Cease-and-Desist Letters
Whether received or issued: in competition law cease-and-desist letters, speed and a clear strategy are essential.
What a competition law cease-and-desist letter demands
A cease-and-desist letter is an out-of-court demand to stop infringing conduct in the future. It is issued by competitors or qualified trade associations and almost always contains four demands:
- Injunction – with a penalty-backed undertaking
- Disclosure of the nature and extent of the violation
- Acknowledgement of liability for damages
- Reimbursement of cease-and-desist costs
Typical grounds: misleading advertising or price information, defective T&Cs or missing mandatory disclosures, unfair practices on online marketplaces, unlawful top-position claims such as "No. 1" or "test winner".
Received a cease-and-desist letter – what now?
Is the cease-and-desist letter actually justified? Not every cease-and-desist letter is legally sound. We assess whether a competition violation actually exists, whether the sender has the right to issue the letter and whether all formal requirements have been met.
Is the cease-and-desist undertaking too broadly worded? The attached undertaking almost always goes beyond what is legally necessary. Anyone who signs it unchanged commits to more than necessary – with long-term consequences.
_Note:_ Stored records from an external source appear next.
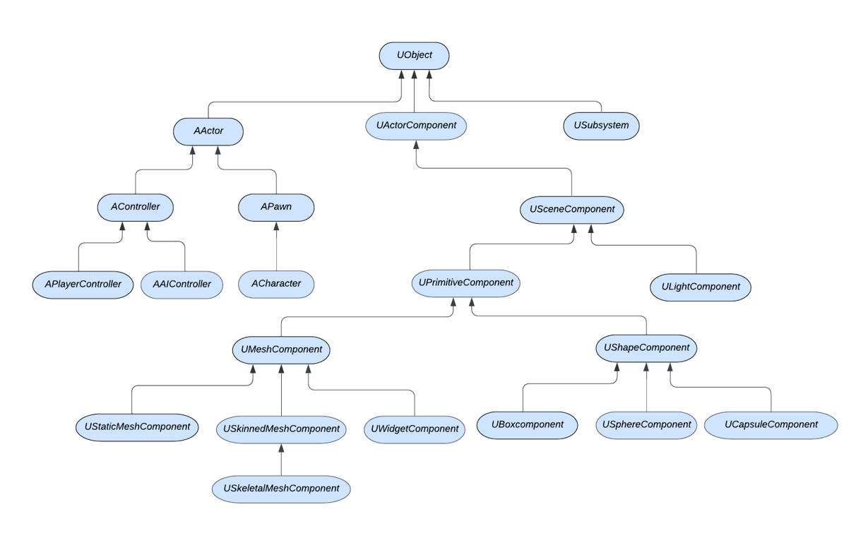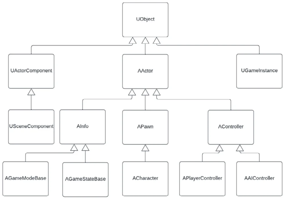 AActor->APawn->ACharactor클래스가 있는데 게임레벨안에서 인스턴스화 하는 용도로 자주 사용된다.
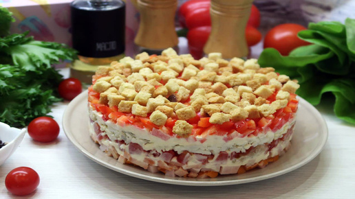 Салат Астра: слоеный салат с копчёной курицей и сухариками
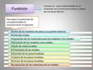El documento describe los procesos de fundición y moldeo para fabricar piezas metálicas. Explica que la fundición consiste en vaciar metal fundido en un molde con la forma de la pieza deseada. Luego detalla los principales tipos de moldes (arena, metálicos, temporales), procesos de moldeo (banco, piso, fosa) y métodos de fundición (arena, capa seca, arcilla, cámara fría/caliente). Finalmente, menciona algunos procesos especiales como la fundición a cera perdida
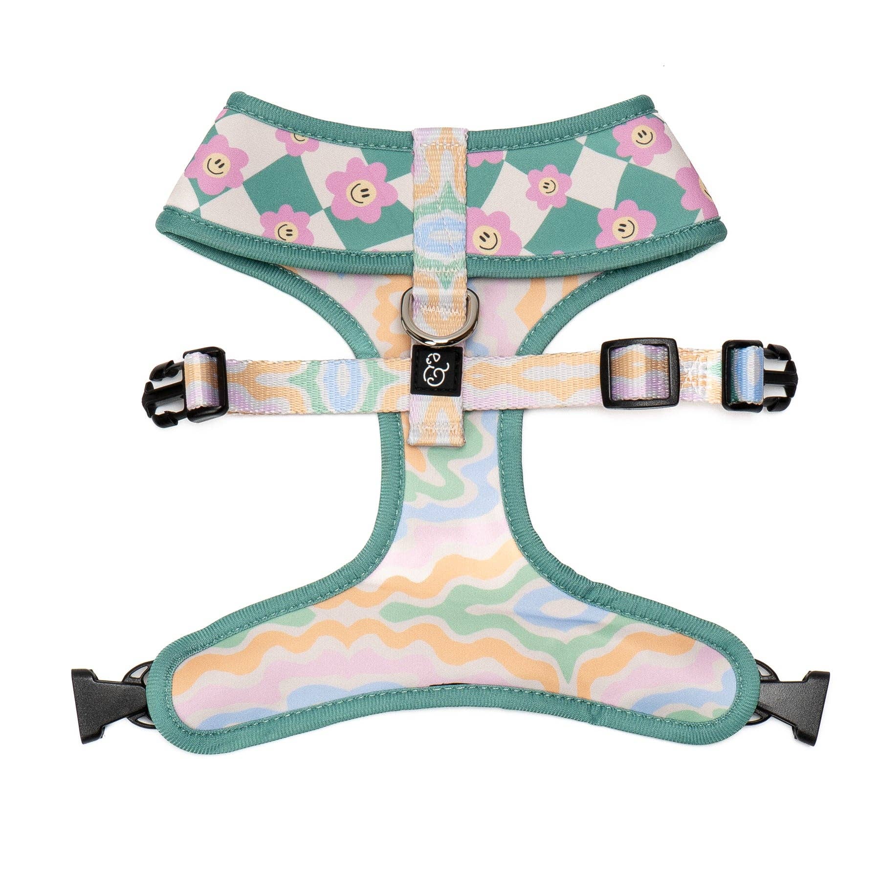 It's time to just chiiiiiiiiillll and go on walks in our Just Chill Reversible Harness! Made with water-repellant neoprene, this harness features two prints in one and it's easy to swap to the other side for a brand new look! Just push the D-ring strap through the ring and voila! Brand new fit! Explore our reversible harnesses for an easy-care for harness that moves with all of your pups natural wiggles and shakes.

What are the alternatives? Depending on the individual case, a modified cease-and-desist undertaking, a protective brief or entering settlement negotiations may be the better solution. We advise you – and act immediately where necessary.
Taking action against competitors
When a competitor gains an advantage through unfair practices, this harms not only you but distorts the entire market. We review your competitors' conduct for compliance with the UWG (Unfair Competition Act) and develop a strategy that acts quickly and is legally sound.